I cannot tell you how much I wanted to run back to my friend and tell him what I had seen; but I had courage enough to walk. I felt angry at myself for being so frightened. I said to myself: "Come, you are a man; you belong to brave people; your uncle and your father did not fear things that they could not see. Be brave. Be strong." It was no use for me to say this; I was so frightened I could hardly control myself. I felt as if I must run away.
I walked until I was close to my friend. He was cooking meat, and was still singing to himself. When I was pretty near to him I said, "Friend, put the saddle on your horse, and I will saddle mine, and we will go away from here." He turned and looked at me, and in a moment he had dropped the meat that he was cooking, and was saddling up. He told me the next day that my face had changed so that he hardly knew me; my face was like that of one dead. I said to him, "Do you go ahead, and go fast, but do not gallop." He started off without a word, and I followed him. It was now growing dark, but you could still see a long way. As I rode I seemed to have three heads, I looked in so many different directions. We traveled fast. My courage did not come back to me. I was still miserable.
About the middle of the night I said to my friend, "Let us stop here, so that the horses may eat." We stopped and took off our saddles, and held the ropes of our horses in our hands, and lay down on the ground together, looking back over the trail that we had come. My friend's horse was eating, but mine stood with his head high, and his ears pricked, and kept looking back toward where we had come from. Every now and then he would snort, as if frightened. Sometimes he would take a bite or two of grass, and then would again stand with his head up, looking and snorting. This made me more afraid than ever; and now my friend was as badly frightened as I.

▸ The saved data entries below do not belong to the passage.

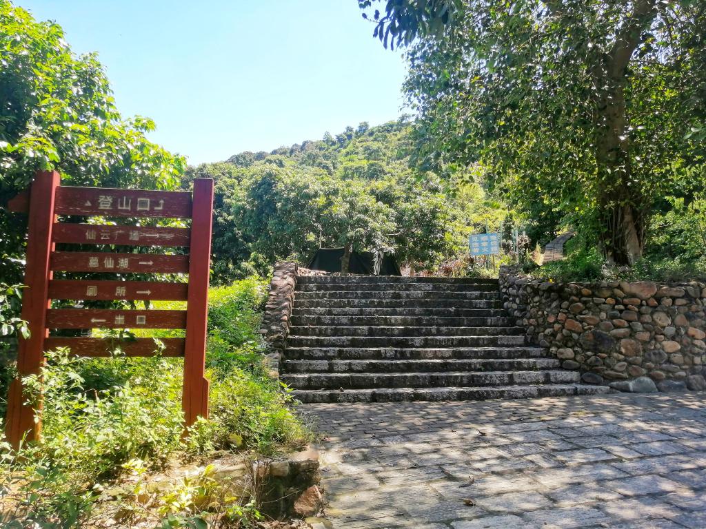 四位同学循着路牌,爬上略陡的山坡便来到了五叠岭森林公园的入口。踏上斑驳的石台阶,走进大山的怀抱,队员们尽情享受凉爽的山风,虽置身于怡人的夏日山景,却不忘调研的初心,认真记录下当地旅游设施的情况。据观察,五叠岭森林公园的山路及供游客休憩的亭台等设施都比较新且完善,但是缺乏配套的景区商铺,客流量在淡季也相对较少。了解到这些情况并做拍摄及文书记录后,四位同学暂时结束了一天的调研,计划在7月23日继续针对仙村镇基岗村的荔枝文化旅游业及荔枝深加工情况开展调研。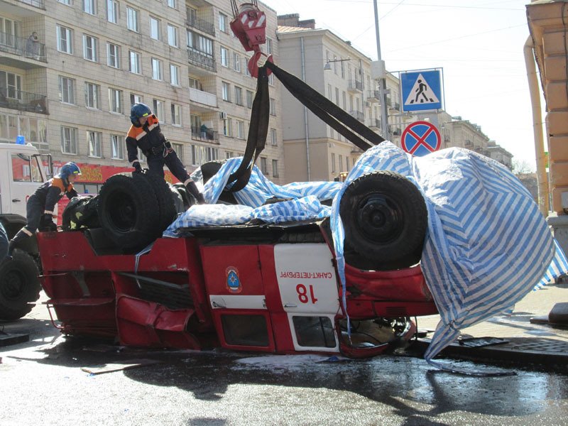 В Санкт-Петербурге перевернулась пожарная машина, есть пострадавший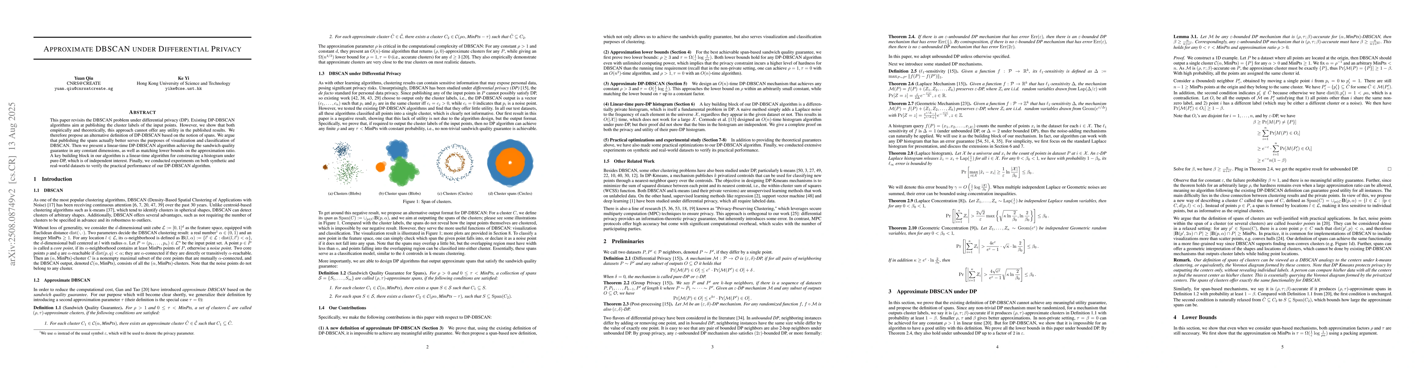 This paper revisits the DBSCAN problem under differential privacy (DP). Existing DP-DBSCAN algorithms aim at publishing the cluster labels of the input points. However, we show that both empirically and theoretically, this approach cannot offer any utility in the published results. We therefore propose an alternative definition of DP-DBSCAN based on the notion of spans. We argue that publishing the spans actually better serves the purposes of visualization and classification of DBSCAN. Then we present a linear-time DP-DBSCAN algorithm achieving the sandwich quality guarantee in any constant dimensions, as well as matching lower bounds on the approximation ratio. A key building block in our algorithm is a linear-time algorithm for constructing a histogram under pure-DP, which is of independent interest. Finally, we conducted experiments on both synthetic and real-world datasets to verify the practical performance of our DP-DBSCAN algorithm.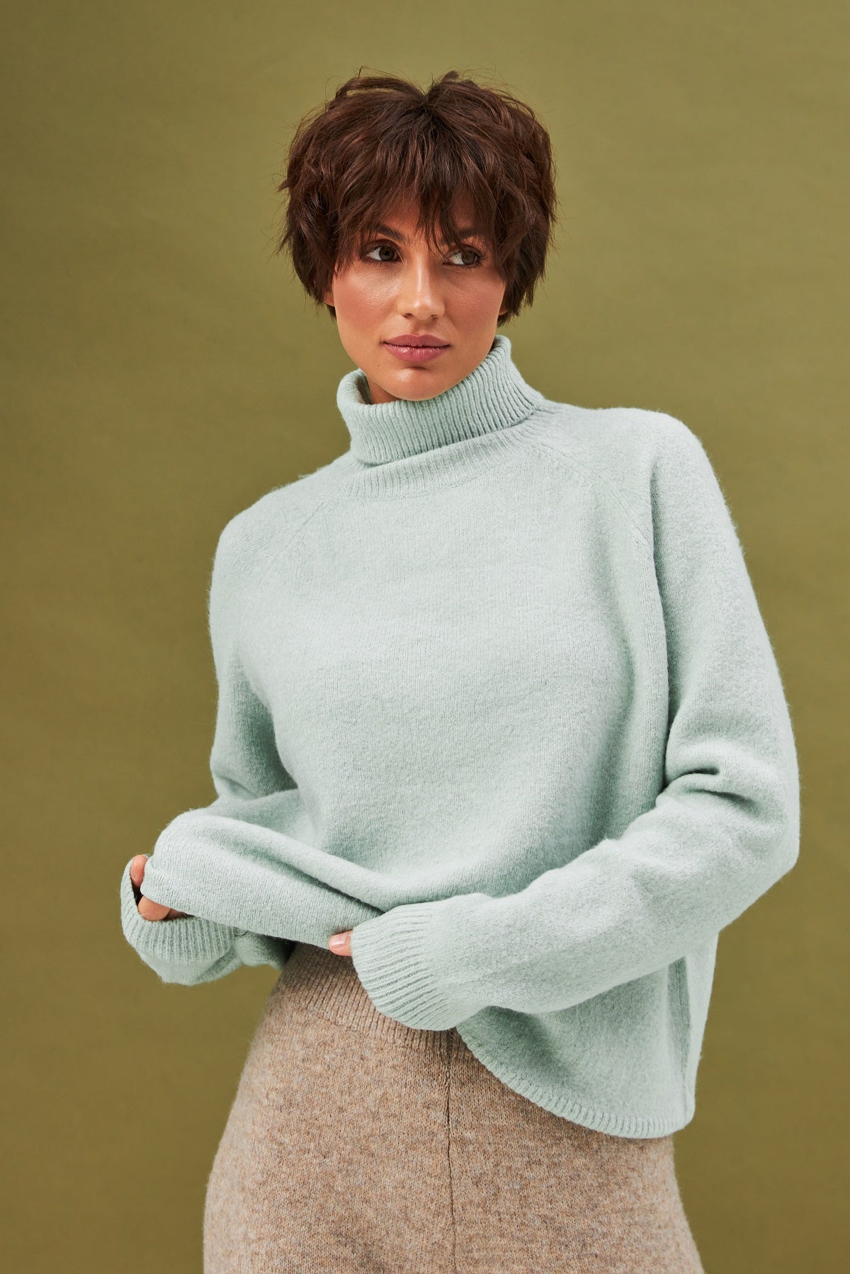 Светр реглан з горлом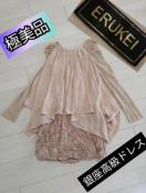 極美品ERUKEI高級ドレスワンピース肌色腕透かし体型カバーバラの花セクシー上品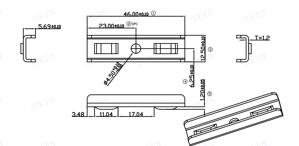 5.标示长为重点管控尺寸SPC为CPK管控尺寸未标注角度为: 90土0. 5°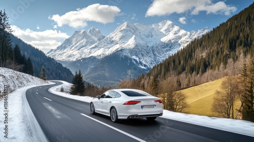 white car drive on mountain road landscape in winter. Nature scenery on highway in green mountains. Winter travel on black asphalt road. Car driving in the beautiful nature of Europe. Bavaria, Germany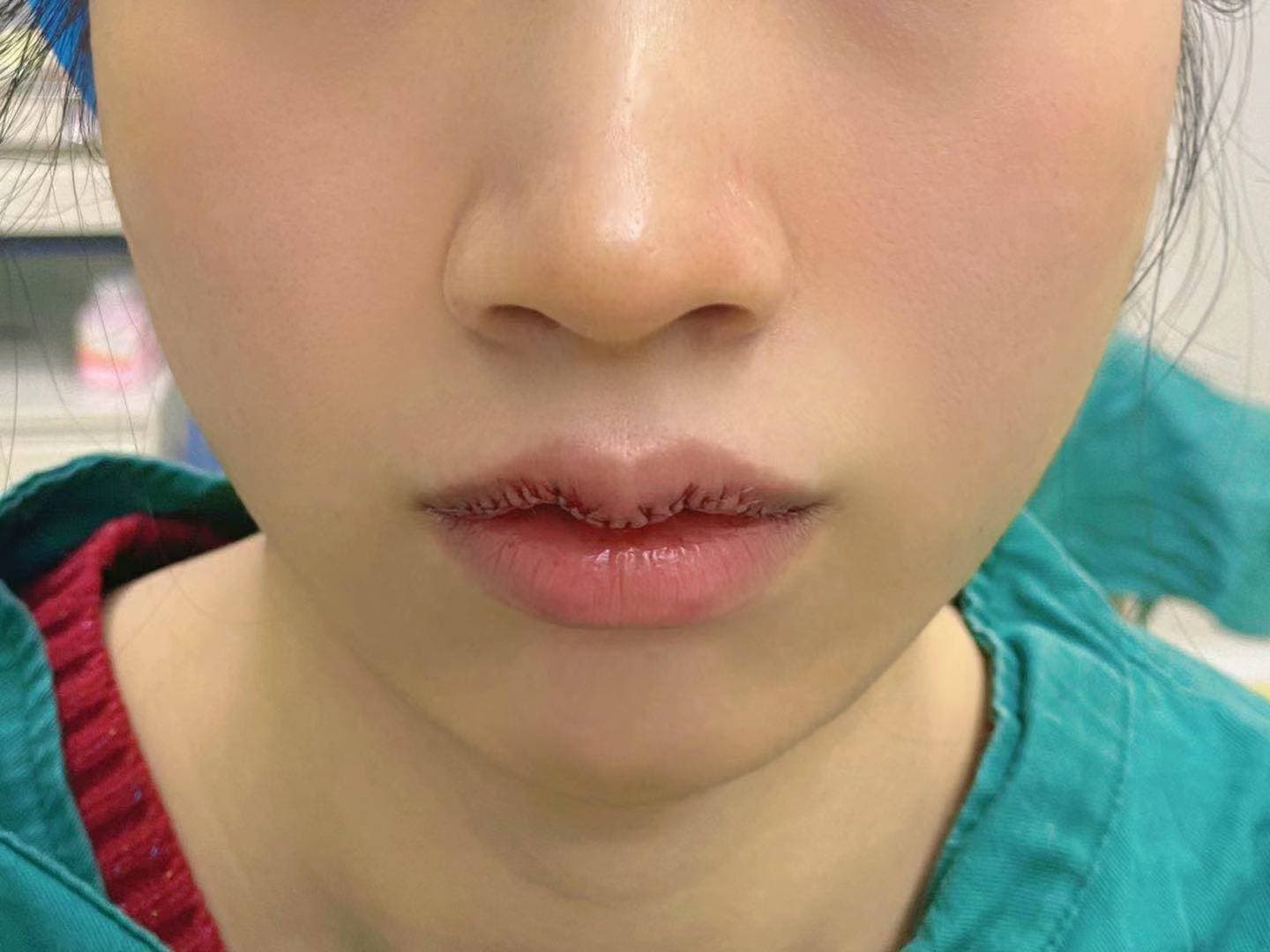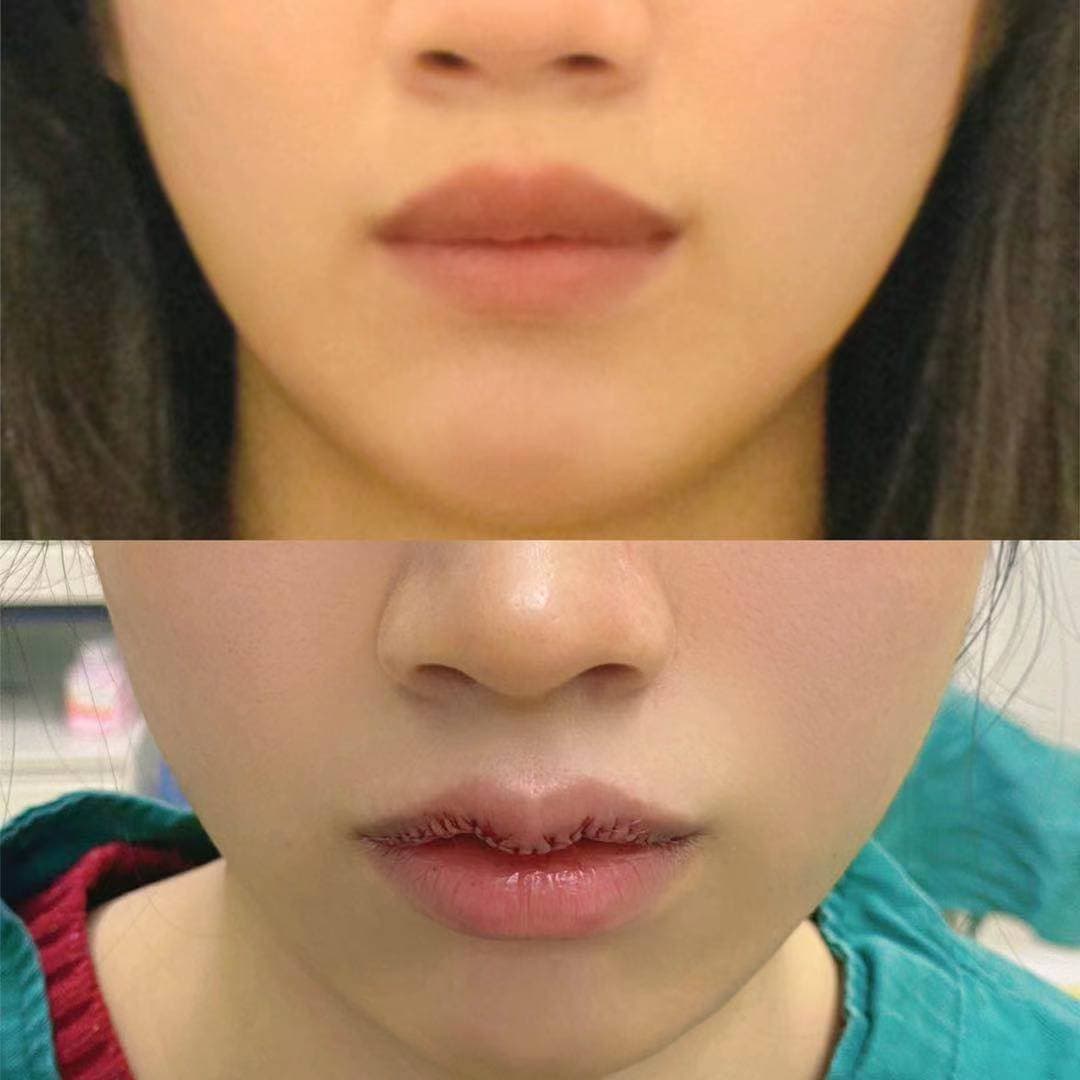 自己拍的术前截图后比较模糊了,当时拍的时候也没太注意,我嘴巴天生上唇就是比较厚而

At last I could stand it no longer, and I said to him, "Let us turn off the trail, and go along a divide where no one is likely to follow us." We started, loping. After we had gone some distance we stopped, took off our bridles, and again lay down, looking back over the way we had come. The night was dark, but we could see a little, and we watched and listened. Still my horse would not eat, but kept looking back over the trail. Suddenly, my friend said, "There he is. Do you see?" I looked, and looked, but could see nothing. "Where is it?" said I. With my head close to the ground I looked in the direction in which he pointed, but could see nothing. My friend saw it move, however. I said to him, "Here, let us change places;" and I moved to his place, and he to mine. Then I looked, and in a moment I saw just in front of my face a weed-stalk, and when I moved my head the stalk moved. This was what he had seen.
For the first time since this feeling had come over me in the afternoon I laughed, and with a rush my courage came back to me. I felt as brave and cheerful as ever. All through the evening I had not wished to smoke, and if I had wished to, I should have been afraid to light my pipe. Now I filled my pipe, lighted it, and we smoked. When I laughed my friend's courage came back too. We lay down and slept, and the next day went on to the village.